At the heart of the success of social networks is their ability to sustain a true virtuous cycle between content creation and curation. Their power - and the genius of their business model - comes from the tight integration they have achieved between exclusive user-generated content, and a prerogative to curate and distribute it for almost nothing in order to maximize the metrics they are pursuing.

  1. Content: provide users with a way to create content with various media types, and expose them on the Internet using a proprietary feed (e.g timeline, profile);
  2. Curation: create a user-specific curated selection of posts from a list of sources (e.g followed, friends), factoring in parameters such as time, geography, interests, and other things.

How can we sustain and improve the level of content creation that exists today, but provide users with more choice in terms of curation? Simple: free the data, multiply the curators. Of course, it's easier said than done, but as you will see, many of the necessary building blocks are already here, and most of them are standards. What's really missing is a little bit of glue, and better marketing.
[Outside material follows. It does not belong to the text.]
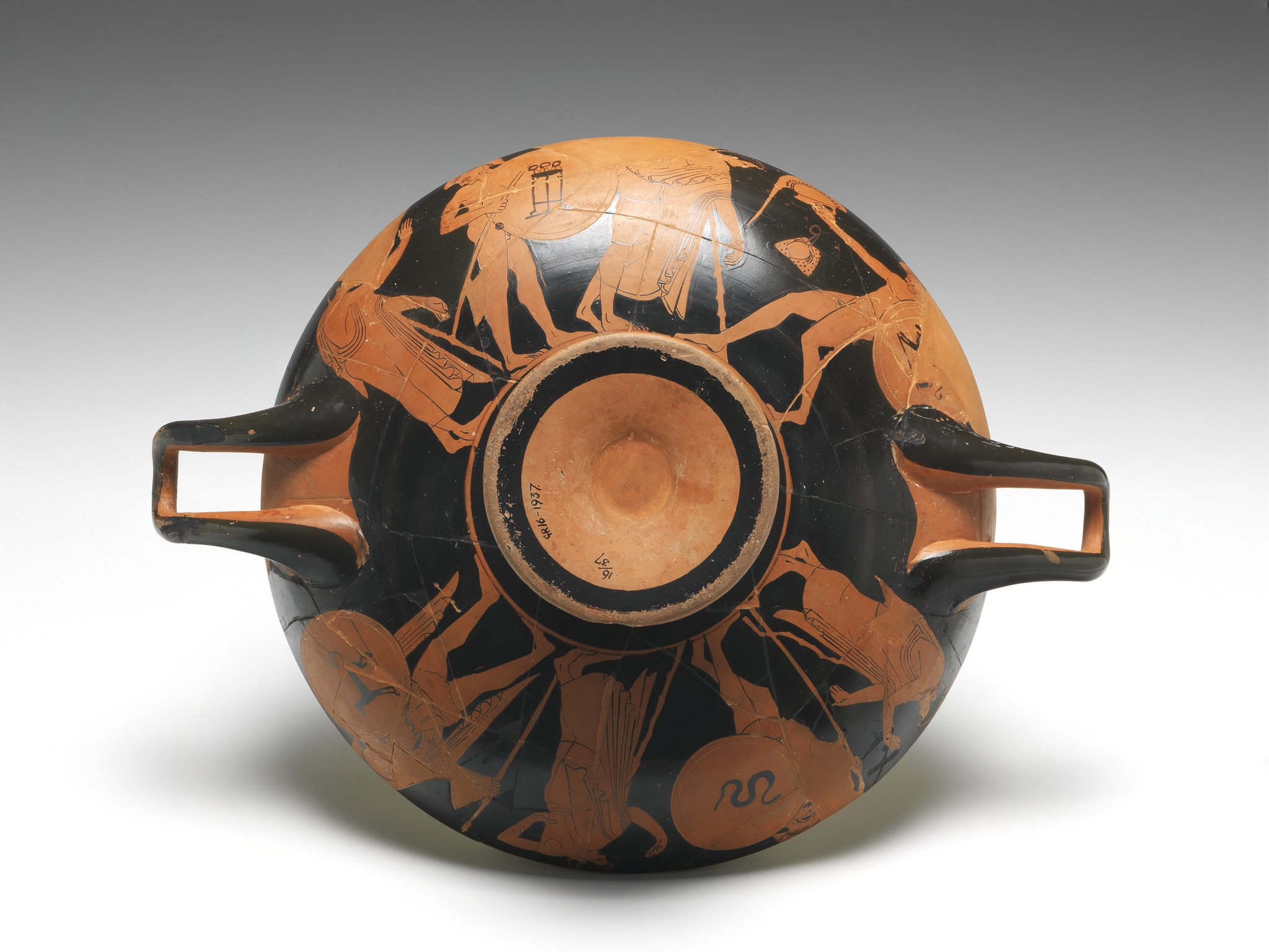 A red-figured archaic Kylix, by the Berlin Painter depicting warriors and draped youths at the Fitzwilliam Museum. © Fitzwilliam Museum, Cambridge

Remember RSS feeds? I wouIdn't blame you if you didn't. To understand why they failed, compare the idea of subscribing to someone's RSS Feed, to that of simply following them. And just when a few people started getting familiar with the term, Atom was introduced, leaving end-users with an unnecessary choice to make between two formats designed to do the same thing. The RSS/Feed readers available back then were designed for power-users, and did very little to suggest feeds that would interest neophytes. They simply required too much work and configuration compared to an Instagram.

The challenge is to provide users with a virtually unlimited number of Twitters and Facebooks and Instagrams. One curator could offer users to pay a subscription to enable a no-ads policy. Another would feature some ads, but would be a simple chronological feed. One would be focused on the photo posts of your friends or co-workers.

Here's an incomplete technical proposal with an architecture designed with 2 agents, no blockchain, coin or token involved:

  1. Publishers, to expose content via timeline servers;
  2. Curators, to provide users with content.

Publishers

The primary objective is to create a protocol to publish and expose a Twitter-like timeline, using established standards and existing infrastructure as much as possible.

An unlimited number of publishers could use a Timeline server to expose Atom feeds over HTTPS, each one of them representing the content published by a distinct user.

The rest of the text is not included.